MongoDB Schema
EchoStats uses MongoDB as its primary data store. This page documents every collection, its fields, indexes, and relationships.
Collection Overview
| Collection | Purpose |
|---|---|
users | User accounts linked to Spotify |
spotify_tokens | Encrypted OAuth tokens per user |
listening_history | Individual track play events |
tracks | Spotify track metadata and audio features |
artists | Spotify artist metadata |
albums | Spotify album metadata |
playlists | Synced Spotify playlists with embedded tracks |
daily_rollups | Pre-aggregated daily listening statistics |
analytics_snapshots | Pre-computed analytics for time periods |
sync_jobs | Background job tracking with step-by-step progress |
api_logs | External API call logs for monitoring |
User├── 1:1 → SpotifyTokens├── 1:N → ListeningHistory → Track → Album│ → Artist├── 1:N → Playlist (tracks embedded)├── 1:N → DailyRollup├── 1:N → AnalyticsSnapshot├── 1:N → SyncJob└── 1:N → ApiLogusers
Stores EchoStats user accounts, each linked to a Spotify profile.

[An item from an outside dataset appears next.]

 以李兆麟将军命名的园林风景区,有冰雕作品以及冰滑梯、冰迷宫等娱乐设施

| Field | Type | Default | Description |
|---|---|---|---|
_id | ObjectId | auto | Primary key |
spotify_id | string | required | Spotify user ID |
display_name | string | "" | User display name |
image_url | string | "" | Profile image URL |
country | string | "" | ISO country code |
product | string | "" | Spotify subscription (premium, free) |
created_at | datetime | utcnow() | Account creation timestamp |
last_synced_at | datetime | null | null | Last successful data sync |
Indexes:
| Fields | Type | Notes |
|---|---|---|
spotify_id | unique | User lookup by Spotify ID |
Example document:
{ "_id": "682a3b1f2e4a5c6d7e8f9012", "spotify_id": "atul123", "display_name": "Atul", "image_url": "https://i.scdn.co/image/ab67...", "country": "US", "product": "premium", "created_at": "2025-01-01T00:00:00Z", "last_synced_at": "2025-01-15T14:00:00Z"}spotify_tokens
Stores encrypted Spotify OAuth refresh tokens. One document per user.

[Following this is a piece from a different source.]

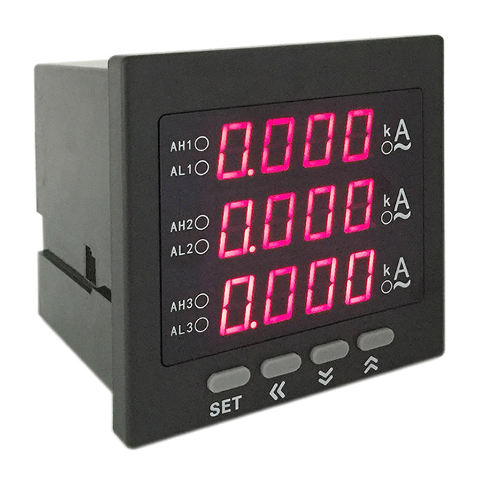 3.1 測量顯(xiǎn)示範圍:AC 0 ~10A(直接測量)、 AC 0~999.9kA(外附*/5A電流互感器)

| Field | Type | Default | Description |
|---|---|---|---|
_id | ObjectId | auto | Primary key |
user_id | string | required | Reference to users._id |
refresh_token_encrypted | string | required | AES-256 encrypted refresh token |
expires_at | datetime | required | Token expiration time |
scope | string | "" | OAuth scopes granted |
Indexes:
| Fields | Type | Notes |
|---|---|---|
user_id | simple | Token lookup by user |
Example document:
{ "_id": "682a3b1f2e4a5c6d7e8f9013", "user_id": "682a3b1f2e4a5c6d7e8f9012", "refresh_token_encrypted": "gAAAAABl...", "expires_at": "2025-01-15T15:00:00Z", "scope": "user-read-recently-played user-read-playback-state user-library-read"}listening_history
Records individual track play events. Each document represents one play of one track by one user.

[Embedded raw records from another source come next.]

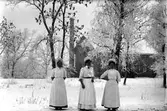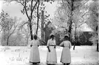 När familjen Brundin bodde på Söder i Gävle, Södra Centralgatan 26, var det inte långt till södra koloniområdet och familjen gjorde ofta utflykter dit. Eva Brundin längst fram, bakom henne Sören Brundin och kvinnan till vänster var hembiträdet eller hushållerskan Ester, som var från Freluga i Hälsingland. Foto ca 1928.
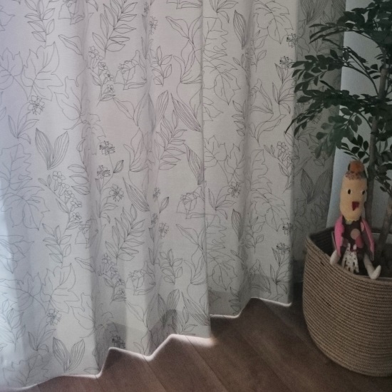 黒とアイボリーのコントラストがお部屋を引き締めてくれるので、無地の単調なカーテンでは物足りない方は是非ご検討ください!!
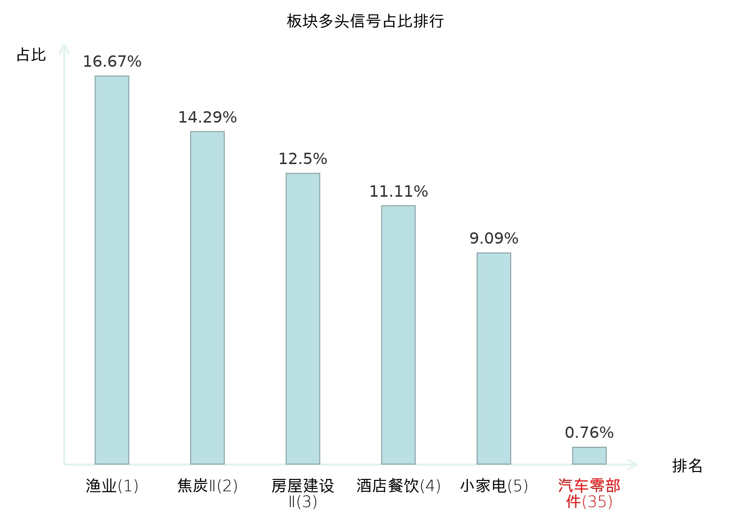 全市场所有行业板块中主力多头信号占比排名中,渔业板块位居第一。渔业板块名次提升最快,较昨日上升121位。
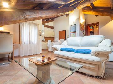 SAN MARTINO: Splendida mansarda inserita all'interno di un ex-fienile e corte colonica completamente ricostruito nel 2007. Posto al secondo e ultimo piano mansardato, questo ampio appartamento è un open space di buone dimensioni, ben suddiviso, che riesce a rendere molto accogliente e vivibile tutto l'appartamento. All'ingresso si trova una cucina ottimamente arredata che sfrutta perfettamente tutti gli spazi, sul fronte un grande tavolo che si affaccia alla porta finestra che porta al terrazzino interno, riservato e ampiamente vivibile, che dona respiro e luminosità all'intero ambiente. A seguire si trova la zona giorno illuminata da un grande velux e dove stanno comodamente due divani che racchiudono e separano dalla zona notte, con il letto matrimoniale e tutta l'armadiatura fatta su misura. Infine si trova un anti-bagno con caldaia e ripostiglio che precede un ampio e completo bagno finestrato con cabina doccia. Tutti gli impianti sono a norma e certificati, e l'abitazione è pronta per essere abitata, ideale per un single o un professionista che cerca una piacevole base su Ferrara. Al piano terra troviamo un ampio garage di proprietà esclusiva e un posto auto scoperto privato.

| Field | Type | Default | Description |
|---|---|---|---|
_id | ObjectId | auto | Primary key |
user_id | string | required | Reference to users._id |
track | embedded object | required | Track snapshot (see below) |
played_at | datetime | required | When the track was played |
ms_played | int | null | null | Milliseconds listened (from imports) |
source | string | "api" | Data source: api or import |
context_type | string | "" | Playback context: playlist, album, artist |
context_uri | string | "" | Spotify context URI |
Embedded track object:
| Field | Type | Description |
|---|---|---|
spotify_id | string | Spotify track ID |
name | string | Track name |
artist_name | string | Primary artist name |
album_name | string | Album name |
album_image_url | string | Album cover art URL |
duration_ms | int | Track duration in ms |
Indexes:
| Fields | Type | Notes |
|---|---|---|
user_id | simple | Filter by user |
played_at | simple | Time-range queries |
track.spotify_id | simple | Filter by track |
(user_id, played_at DESC) | compound | Paginated history queries |
(user_id, track.spotify_id, played_at) | compound unique | Prevents duplicate play events |
Example document:
{ "_id": "682a3b1f2e4a5c6d7e8f9014", "user_id": "682a3b1f2e4a5c6d7e8f9012", "track": { "spotify_id": "2kRFrWaLWifQkBFasAWgMo", "name": "Everything In Its Right Place", "artist_name": "Radiohead", "album_name": "Kid A", "album_image_url": "https://i.scdn.co/image/ab67...", "duration_ms": 250000 }, "played_at": "2025-01-15T14:32:00Z", "ms_played": 245000, "source": "api", "context_type": "album", "context_uri": "spotify:album:6GjwtEZcfenmof6l18N7T7"}tracks
Stores Spotify track metadata including audio features. Tracks are shared across users — one document per Spotify track ID.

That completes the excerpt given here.